Ted Rogers School of Management
- The school's facility at Dundas and Bay Street
- Former name: Faculty of Business (1948–2007)
- Type: Public business school
- Established: 1948; 78 years ago
- Parent institution: Toronto Metropolitan University
- Accreditation: AACSB International
- Faculty: 300+
- Students: 13,000+
- Location: Toronto, Ontario, Canada 43°39′19″N 79°22′59″W﻿ / ﻿43.65541148°N 79.38298493°W
- Named for: Edward S. Rogers Jr.
- Website: torontomu.ca/tedrogersschool

= Ted Rogers School of Management =

Business school of Toronto Metropolitan University

The Ted Rogers School of Management (TRSM) is the business school of Toronto Metropolitan University (TMU) in Toronto, Ontario, Canada. Established during the university's founding in 1948, it adopted its present name in 2007 following a donation from Rogers Communications president Edward S. "Ted" Jr. and Loretta Rogers. With more than 13,000 students, it is the largest business school in Canada by enrolment.

The school's main building is located at 55 Dundas Street West in downtown Yonge.

== History ==
The school was founded as the Faculty of Business in 1948 upon the establishment of the Ryerson Institute of Technology, known today as Toronto Metropolitan University.

In May 2007, TMU received a $15-million donation from Ted and Loretta Rogers, and the faculty was renamed as the Ted Rogers School of Management in their honour. In 2011, the school earned accreditation from the Association to Advance Collegiate Schools of Business (AACSB). In 2024, the TRSM renamed its main auditorium as The Steve & Rashmi Gupta Lecture Theatre following a $1-million donation from Steve and Rashmi Gupta.

== Academics ==
The Ted Rogers School of Management hosts 14 undergraduate programs, graduate programs including a Master of Business Administration (MBA), and a Doctor of Philosophy (PhD) in management. The Ted Rogers MBA program offers a sport business focus.

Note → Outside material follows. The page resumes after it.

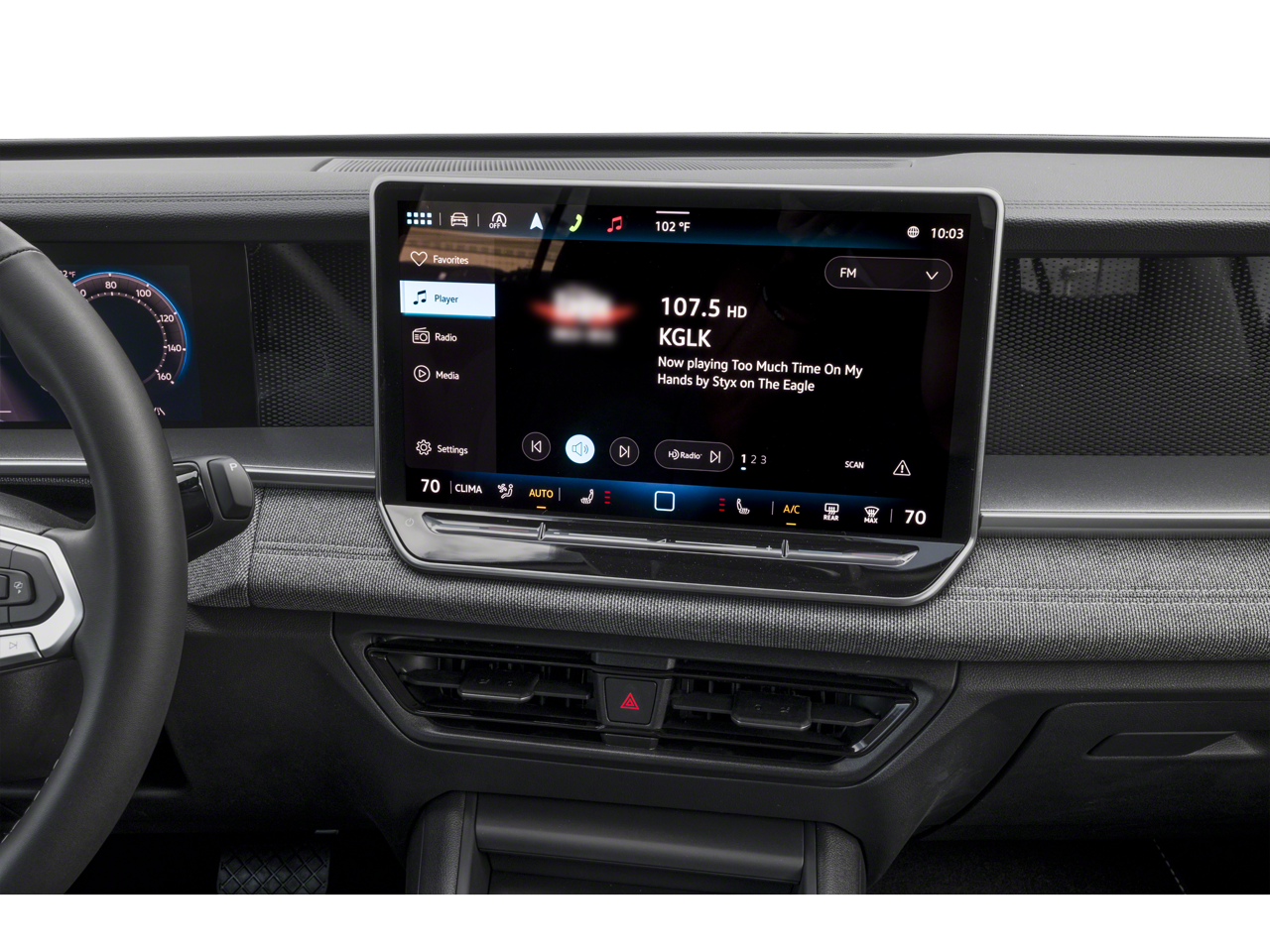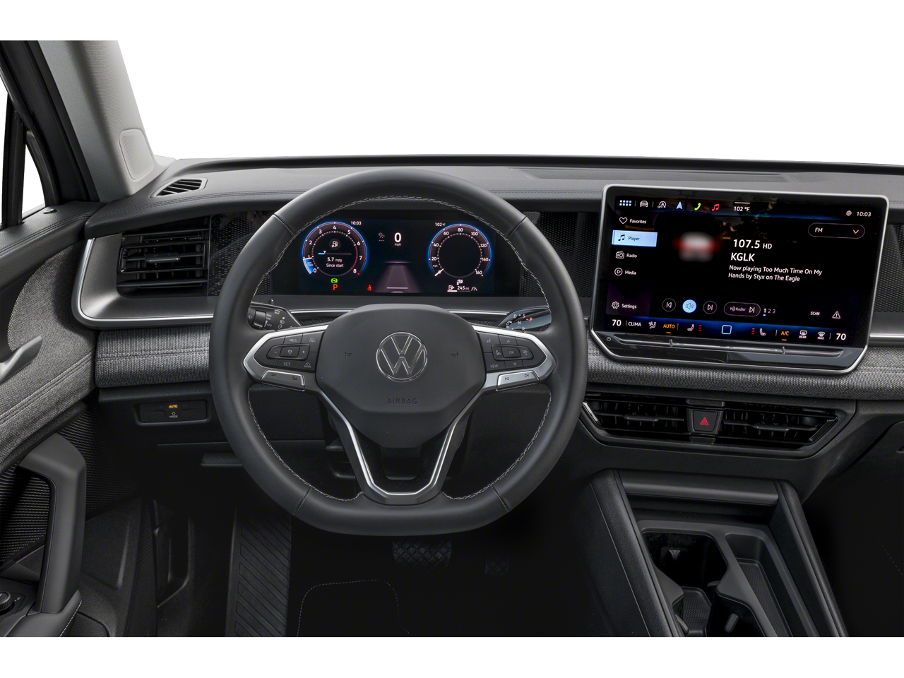 - Radio: MIB4 Composition Media Touchscreen AM/FM -inc: WMA/MP3/FLAC player w/USB, 12.9" touchscreen multi-function center display w/backlit sliders, 6 speakers + center speaker (7 speakers total) sound system, capability for in-vehicle 4G LTE enabled Wi-Fi (cellular data plan required; includes limited trial), capability for VW Car-Net services (capabilities for services vary; requires enrollment or subscription), Bluetooth® connectivity (for compatible devices), SiriusXM w/360L (w/3-month free trial subscription; 360L services require acceptance of Car-Net terms), App-Connect smartphone integration (w/Apple CarPlay, Android Auto and MirrorLink) via USB, wireless App-Connect smartphone integration (for compatible devices) w/multi-phone pairing capability, 45W fast charging (for compatible mobile phones and accessories) via USB in both rows and Qi wireless inductive charger, cooled, up to 15W (for compatible mobile phones and accessories)
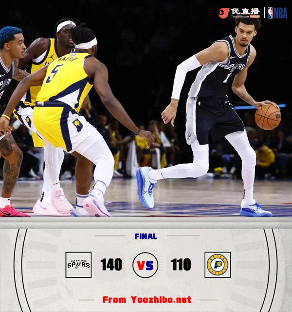 jrs直播网讯 北京时间1月24日讯 NBA常规赛巴黎赛,马刺对阵步行者。马刺19胜22负西部第12,步行者24胜19负东部第5。一开场,双方大打对攻,比分交替领先,文班亚马里突外投高效输出,步行者多点开花给出回应,次节两队继续缠斗,步行者率先发力占据主动,马刺奋力反击夺回优势,半场战罢马刺60-57领先步行者。下半场,文班攻防两端发力,马刺持续输出单节狂轰45分,一举确立20分以上优势,末节马刺稳扎稳打保持大比分的领先,步行者换下主力投子认负。最终,马刺140-110大胜步行者。

=== Rankings and reputation ===
In the 2027 QS World University Rankings for full-time MBAs, the Ted Rogers School of Management ranked in the top 301+ globally and tied with several institutions for 18th in Canada. In Times Higher Education's Business and Economics World University Rankings 2026, TMU was ranked in the top 401–500 globally.

== Notable people ==
Notable alumni of the Ted Rogers School of Management include Tony Gagliano, executive chairman and CEO of St. Joseph Communications, and Patrick Dovigi, founder and CEO of GFL Environmental.